§ **Activity**: Starting with the line that holds "UBND PHƯỜNG MỸ", reproduce each line through the last one of the data, exactly as written. Pictures are not copied.
(Data extract begins)
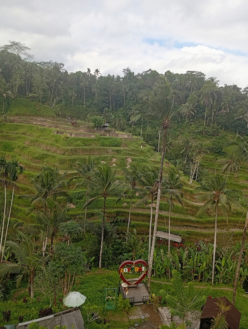 今日のテガラランは田植えしたてで緑が少なかったです。が、棚田の淵側は雑草?草が生えているんで一応、緑もある段々畑が見えました。久しぶりに来たら、SNS撮影スポットにぴったりなブランコがありました。(最近のバリ、ブランコをおいて撮影スポットにするところ増えている気がします)カラフルにLOVE BALIと書いてあります。 ただし、無料で自由にというのではなく、5万ルピア位とられるみたい。何でも商売にするなあ~。
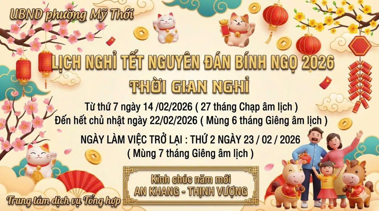 UBND PHƯỜNG MỸ THỚI THÔNG BÁO LỊCH NGHỈ TẾT NGUYÊN ĐÁN BÍNH NGỌ 2026
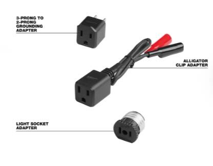 Includes (1) Circuit Breaker Finder Accessory Kit (1) 3-Prong to 2-Prong Grounding Adapter (1) Alligator Clip Adapter (1) Light Socket Adapter
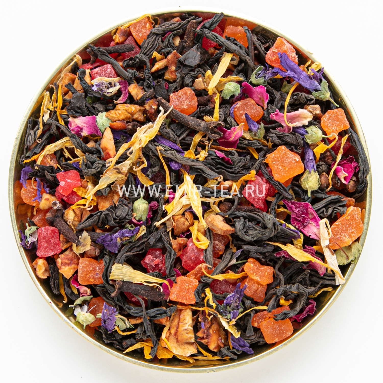 Состав: Купаж из классических черных индийских чаев с добавлением цукатов,лепестков розыи мальвы. Содержит пищевые ароматические масла. Не содержит ГМО.
(Data extract ends)
§ **Result**:
 UBND PHƯỜNG MỸ THỚI THÔNG BÁO LỊCH NGHỈ TẾT NGUYÊN ĐÁN BÍNH NGỌ 2026
 Includes (1) Circuit Breaker Finder Accessory Kit (1) 3-Prong to 2-Prong Grounding Adapter (1) Alligator Clip Adapter (1) Light Socket Adapter
 Состав: Купаж из классических черных индийских чаев с добавлением цукатов,лепестков розыи мальвы. Содержит пищевые ароматические масла. Не содержит ГМО.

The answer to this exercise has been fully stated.